Solves the 0/1 knapsack problem to maximize total score within the exact token budget. Finds the globally optimal subset, not just the greedy-best.
const result = await pack(chunks, {
budget: 4000,
strategy: 'knapsack',
})For budgets exceeding 5,000 tokens, the knapsack strategy automatically falls back to greedy to avoid excessive memory and computation costs.
Supply your own selection function.
const result = await pack(chunks, {
budget: 4000,
strategy: 'custom',
customStrategy: (candidates, ctx) => {
// Select only high-confidence chunks
return candidates.filter(c => c.score > 0.8)
},
})The customStrategy function receives the full candidate list (after redundancy filtering) and a StrategyContext. It must return the subset of ScoredChunk objects to include.
Chunks are output in the order determined by the selection strategy (score descending for greedy).
Places the highest-relevance chunks at the beginning and end of the context, with lower-relevance chunks in the middle.
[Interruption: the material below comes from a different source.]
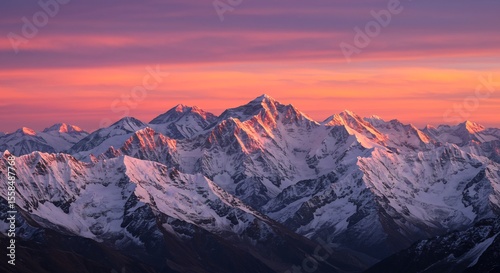 夕焼け染まる雪山 雄大な山脈 壮麗な風景
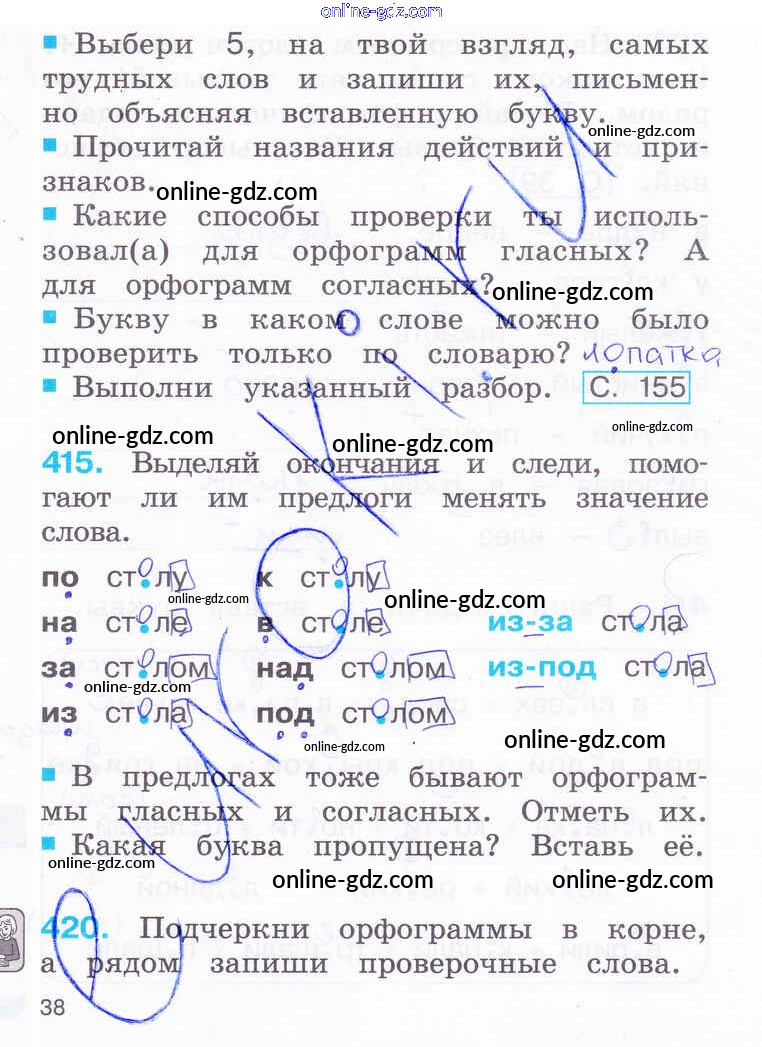 Готовые домашние задания по Русскому языку за 2 класс Рабочая тетрадь Соловейчик, Кузьменко Гармония 2012 - Часть 2. Страницы 38

This counters the "lost-in-the-middle" effect where LLMs underweight information in the middle of long contexts.
const result = await pack(chunks, { budget: 4000, ordering: 'u-shaped' })Sorts chunks by metadata.timestamp ascending. Useful for time-sensitive contexts where temporal order matters.
const result = await pack(chunks, { budget: 4000, ordering: 'chronological' })Requires metadata.timestamp (numeric) on each chunk.
The built-in token counter uses Math.ceil(text.length / 4) as a fast approximation suitable for GPT-family models. For exact counts, provide a custom counter:
import { encode } from 'gpt-tokenizer'
const result = await pack(chunks, {
budget: 4000,
tokenCounter: (text) => encode(text).length,
})You can also pre-compute token counts by setting tokens on each ScoredChunk, which bypasses the counter entirely.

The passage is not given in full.